> ASSIGNED TASK: Word for word, write the lines below out again, with no pictures.
------ THE DATA ------
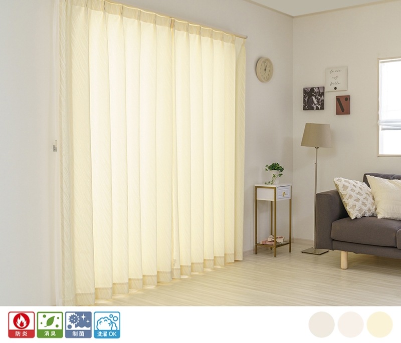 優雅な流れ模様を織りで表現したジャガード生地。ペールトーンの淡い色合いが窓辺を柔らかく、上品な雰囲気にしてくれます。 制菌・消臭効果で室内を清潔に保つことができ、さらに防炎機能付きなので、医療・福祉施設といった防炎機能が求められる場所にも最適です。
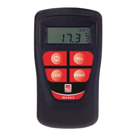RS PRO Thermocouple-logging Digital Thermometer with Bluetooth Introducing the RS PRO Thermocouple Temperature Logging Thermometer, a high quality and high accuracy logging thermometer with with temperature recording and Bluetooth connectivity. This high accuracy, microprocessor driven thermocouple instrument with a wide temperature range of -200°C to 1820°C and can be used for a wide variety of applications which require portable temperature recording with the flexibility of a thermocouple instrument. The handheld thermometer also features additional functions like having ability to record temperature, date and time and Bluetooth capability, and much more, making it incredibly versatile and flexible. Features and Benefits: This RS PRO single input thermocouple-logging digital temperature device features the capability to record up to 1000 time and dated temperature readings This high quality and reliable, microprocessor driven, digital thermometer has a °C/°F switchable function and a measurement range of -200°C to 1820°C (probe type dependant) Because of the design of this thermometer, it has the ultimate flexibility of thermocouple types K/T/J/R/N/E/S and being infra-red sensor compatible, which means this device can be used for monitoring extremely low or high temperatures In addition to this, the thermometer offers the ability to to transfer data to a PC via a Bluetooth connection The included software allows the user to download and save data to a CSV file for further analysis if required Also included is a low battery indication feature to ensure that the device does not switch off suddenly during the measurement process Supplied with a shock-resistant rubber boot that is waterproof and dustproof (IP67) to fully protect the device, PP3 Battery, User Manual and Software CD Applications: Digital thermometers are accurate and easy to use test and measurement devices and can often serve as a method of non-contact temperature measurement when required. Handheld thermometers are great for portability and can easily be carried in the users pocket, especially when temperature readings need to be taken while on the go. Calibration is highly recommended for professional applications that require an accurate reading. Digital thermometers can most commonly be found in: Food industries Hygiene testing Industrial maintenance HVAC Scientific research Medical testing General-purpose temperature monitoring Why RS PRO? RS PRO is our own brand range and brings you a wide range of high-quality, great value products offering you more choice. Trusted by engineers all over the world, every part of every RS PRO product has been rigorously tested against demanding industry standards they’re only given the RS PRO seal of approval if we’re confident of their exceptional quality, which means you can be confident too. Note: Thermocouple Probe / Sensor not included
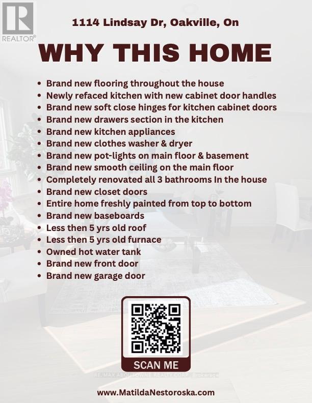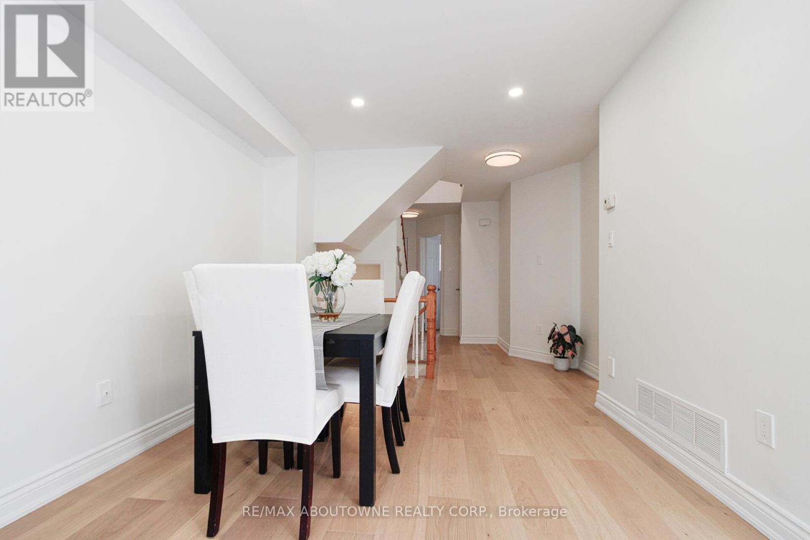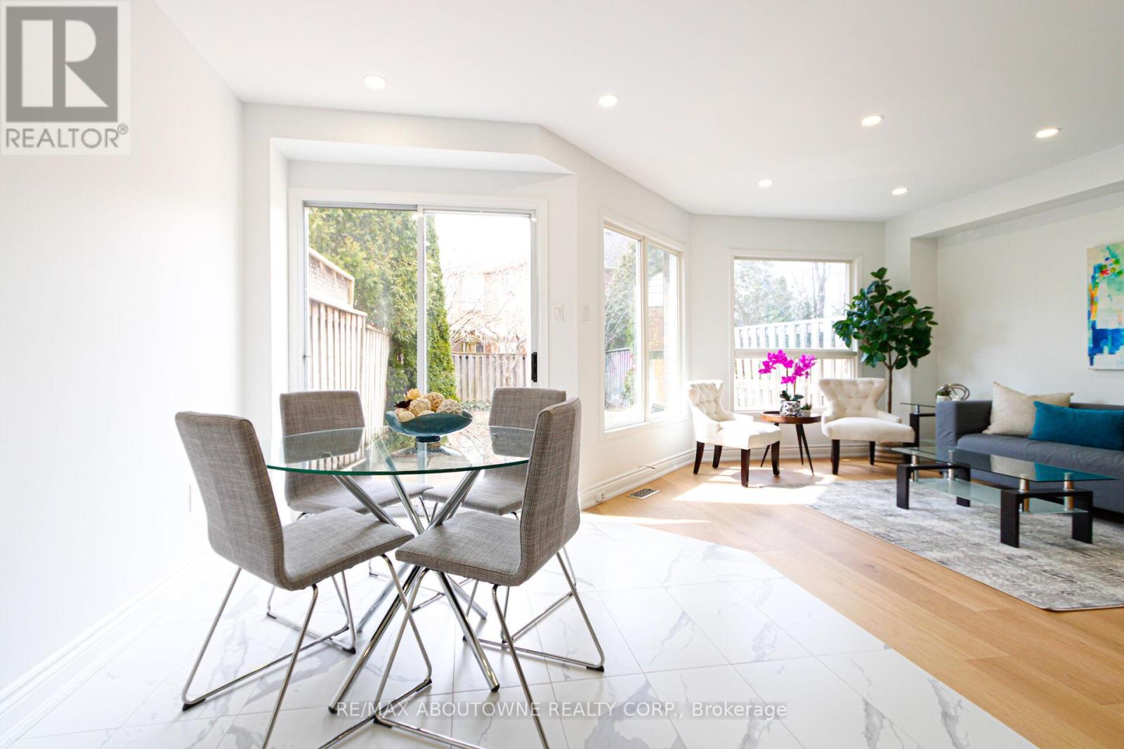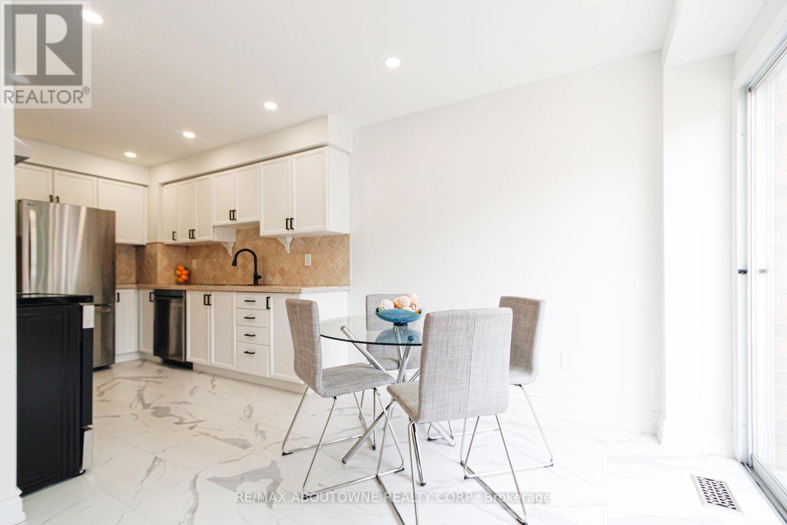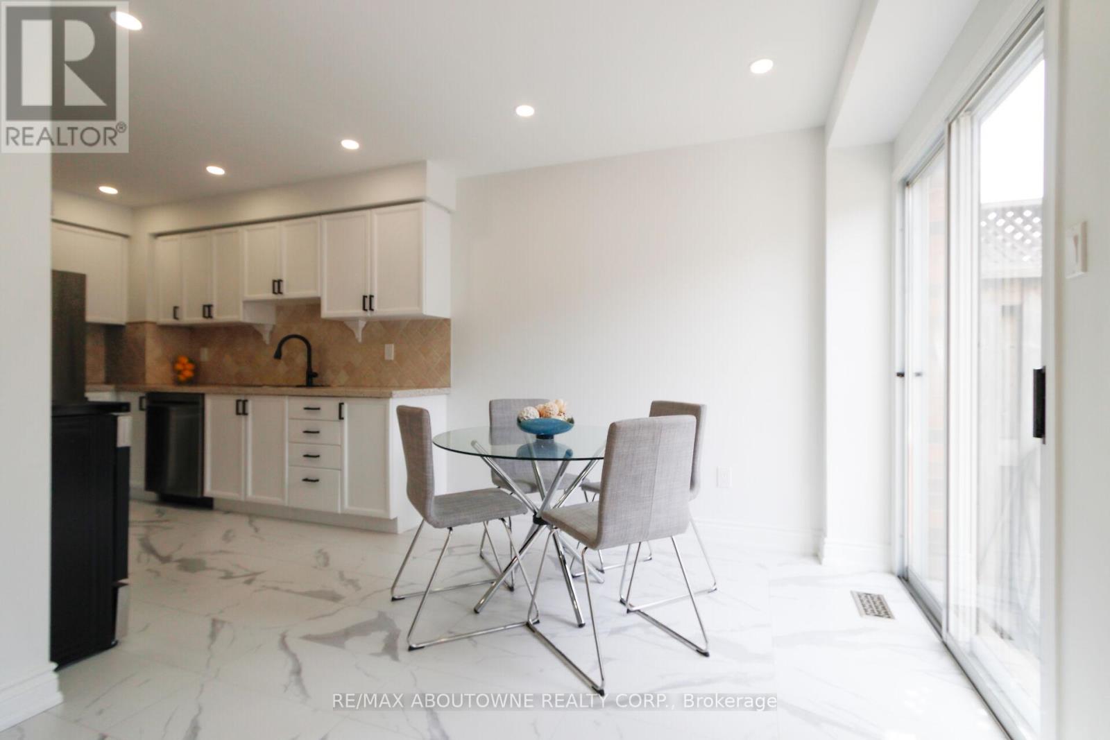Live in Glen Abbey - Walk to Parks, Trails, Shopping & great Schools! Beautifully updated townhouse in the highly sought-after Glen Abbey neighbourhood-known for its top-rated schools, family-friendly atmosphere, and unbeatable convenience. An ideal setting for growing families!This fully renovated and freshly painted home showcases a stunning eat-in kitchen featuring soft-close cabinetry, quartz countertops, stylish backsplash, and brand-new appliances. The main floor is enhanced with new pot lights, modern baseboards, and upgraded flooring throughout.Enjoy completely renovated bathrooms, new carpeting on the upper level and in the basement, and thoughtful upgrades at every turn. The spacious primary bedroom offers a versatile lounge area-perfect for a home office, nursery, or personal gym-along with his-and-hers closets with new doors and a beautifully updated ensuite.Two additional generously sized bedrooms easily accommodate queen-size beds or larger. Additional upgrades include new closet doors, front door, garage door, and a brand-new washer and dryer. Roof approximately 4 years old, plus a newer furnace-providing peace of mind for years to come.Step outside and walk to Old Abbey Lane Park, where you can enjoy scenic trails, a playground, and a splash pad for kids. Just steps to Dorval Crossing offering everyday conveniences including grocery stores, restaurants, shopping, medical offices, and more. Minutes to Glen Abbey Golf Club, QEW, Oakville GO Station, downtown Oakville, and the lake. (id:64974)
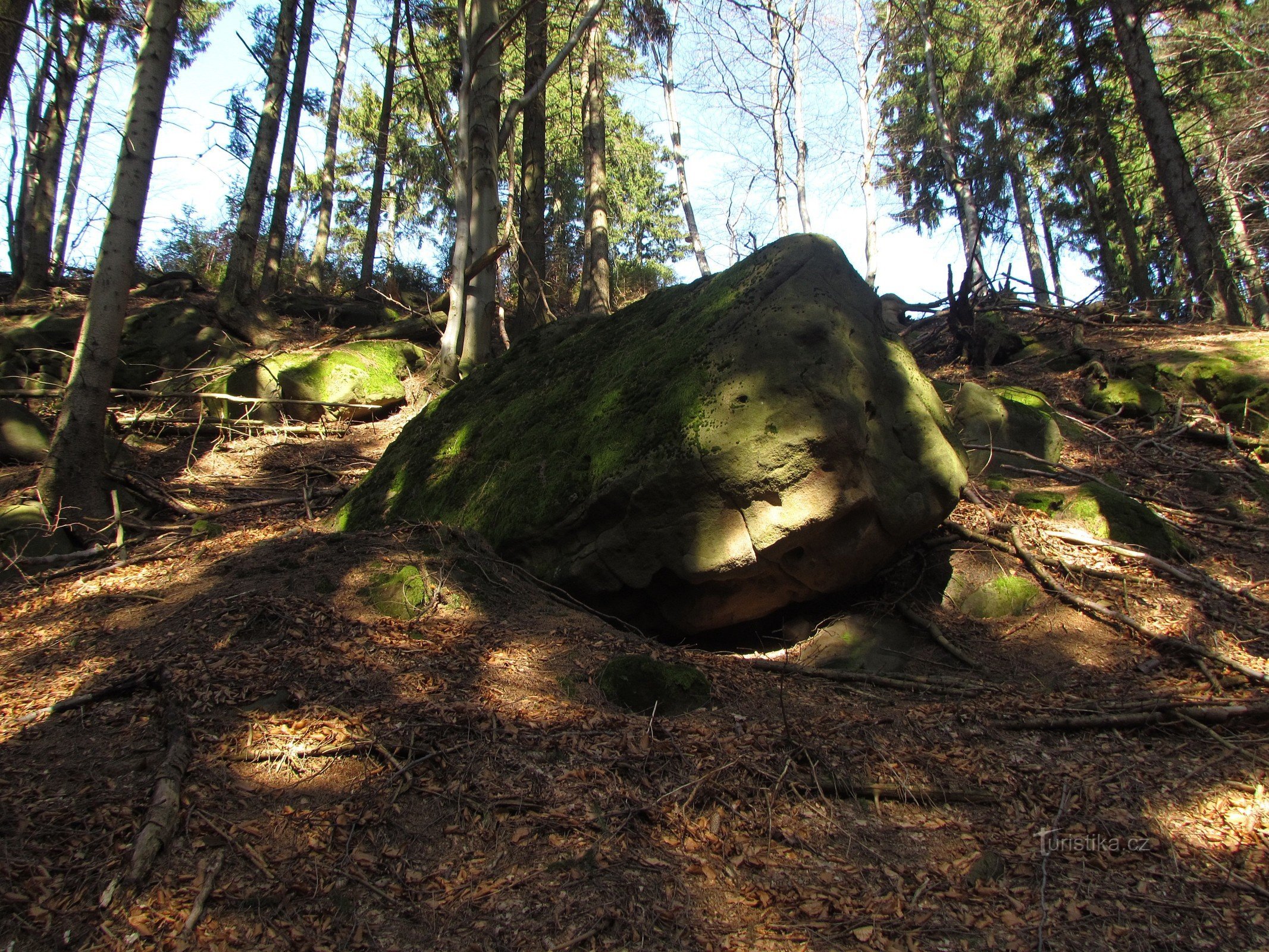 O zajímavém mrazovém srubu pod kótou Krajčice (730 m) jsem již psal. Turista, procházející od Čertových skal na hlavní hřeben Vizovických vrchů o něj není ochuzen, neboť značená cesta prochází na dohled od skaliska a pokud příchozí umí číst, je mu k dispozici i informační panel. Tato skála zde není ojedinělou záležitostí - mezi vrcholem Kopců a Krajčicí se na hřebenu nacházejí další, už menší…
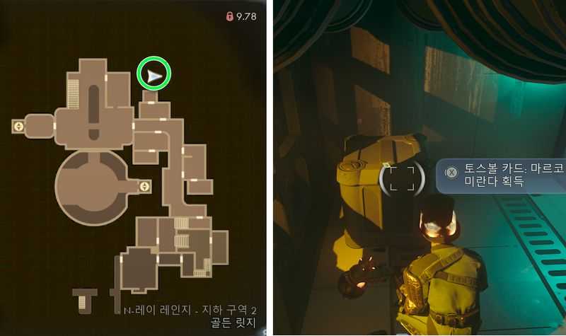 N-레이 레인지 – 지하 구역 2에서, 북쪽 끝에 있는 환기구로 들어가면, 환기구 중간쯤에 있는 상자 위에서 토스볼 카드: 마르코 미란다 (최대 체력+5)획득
------
> ANSWER BOX:
 優雅な流れ模様を織りで表現したジャガード生地。ペールトーンの淡い色合いが窓辺を柔らかく、上品な雰囲気にしてくれます。 制菌・消臭効果で室内を清潔に保つことができ、さらに防炎機能付きなので、医療・福祉施設といった防炎機能が求められる場所にも最適です。
RS PRO Thermocouple-logging Digital Thermometer with Bluetooth Introducing the RS PRO Thermocouple Temperature Logging Thermometer, a high quality and high accuracy logging thermometer with with temperature recording and Bluetooth connectivity. This high accuracy, microprocessor driven thermocouple instrument with a wide temperature range of -200°C to 1820°C and can be used for a wide variety of applications which require portable temperature recording with the flexibility of a thermocouple instrument. The handheld thermometer also features additional functions like having ability to record temperature, date and time and Bluetooth capability, and much more, making it incredibly versatile and flexible. Features and Benefits: This RS PRO single input thermocouple-logging digital temperature device features the capability to record up to 1000 time and dated temperature readings This high quality and reliable, microprocessor driven, digital thermometer has a °C/°F switchable function and a measurement range of -200°C to 1820°C (probe type dependant) Because of the design of this thermometer, it has the ultimate flexibility of thermocouple types K/T/J/R/N/E/S and being infra-red sensor compatible, which means this device can be used for monitoring extremely low or high temperatures In addition to this, the thermometer offers the ability to to transfer data to a PC via a Bluetooth connection The included software allows the user to download and save data to a CSV file for further analysis if required Also included is a low battery indication feature to ensure that the device does not switch off suddenly during the measurement process Supplied with a shock-resistant rubber boot that is waterproof and dustproof (IP67) to fully protect the device, PP3 Battery, User Manual and Software CD Applications: Digital thermometers are accurate and easy to use test and measurement devices and can often serve as a method of non-contact temperature measurement when required. Handheld thermometers are great for portability and can easily be carried in the users pocket, especially when temperature readings need to be taken while on the go. Calibration is highly recommended for professional applications that require an accurate reading. Digital thermometers can most commonly be found in: Food industries Hygiene testing Industrial maintenance HVAC Scientific research Medical testing General-purpose temperature monitoring Why RS PRO? RS PRO is our own brand range and brings you a wide range of high-quality, great value products offering you more choice. Trusted by engineers all over the world, every part of every RS PRO product has been rigorously tested against demanding industry standards they’re only given the RS PRO seal of approval if we’re confident of their exceptional quality, which means you can be confident too. Note: Thermocouple Probe / Sensor not included
Live in Glen Abbey - Walk to Parks, Trails, Shopping & great Schools! Beautifully updated townhouse in the highly sought-after Glen Abbey neighbourhood-known for its top-rated schools, family-friendly atmosphere, and unbeatable convenience. An ideal setting for growing families!This fully renovated and freshly painted home showcases a stunning eat-in kitchen featuring soft-close cabinetry, quartz countertops, stylish backsplash, and brand-new appliances. The main floor is enhanced with new pot lights, modern baseboards, and upgraded flooring throughout.Enjoy completely renovated bathrooms, new carpeting on the upper level and in the basement, and thoughtful upgrades at every turn. The spacious primary bedroom offers a versatile lounge area-perfect for a home office, nursery, or personal gym-along with his-and-hers closets with new doors and a beautifully updated ensuite.Two additional generously sized bedrooms easily accommodate queen-size beds or larger. Additional upgrades include new closet doors, front door, garage door, and a brand-new washer and dryer. Roof approximately 4 years old, plus a newer furnace-providing peace of mind for years to come.Step outside and walk to Old Abbey Lane Park, where you can enjoy scenic trails, a playground, and a splash pad for kids. Just steps to Dorval Crossing offering everyday conveniences including grocery stores, restaurants, shopping, medical offices, and more. Minutes to Glen Abbey Golf Club, QEW, Oakville GO Station, downtown Oakville, and the lake. (id:64974)
 O zajímavém mrazovém srubu pod kótou Krajčice (730 m) jsem již psal. Turista, procházející od Čertových skal na hlavní hřeben Vizovických vrchů o něj není ochuzen, neboť značená cesta prochází na dohled od skaliska a pokud příchozí umí číst, je mu k dispozici i informační panel. Tato skála zde není ojedinělou záležitostí - mezi vrcholem Kopců a Krajčicí se na hřebenu nacházejí další, už menší…
 N-레이 레인지 – 지하 구역 2에서, 북쪽 끝에 있는 환기구로 들어가면, 환기구 중간쯤에 있는 상자 위에서 토스볼 카드: 마르코 미란다 (최대 체력+5)획득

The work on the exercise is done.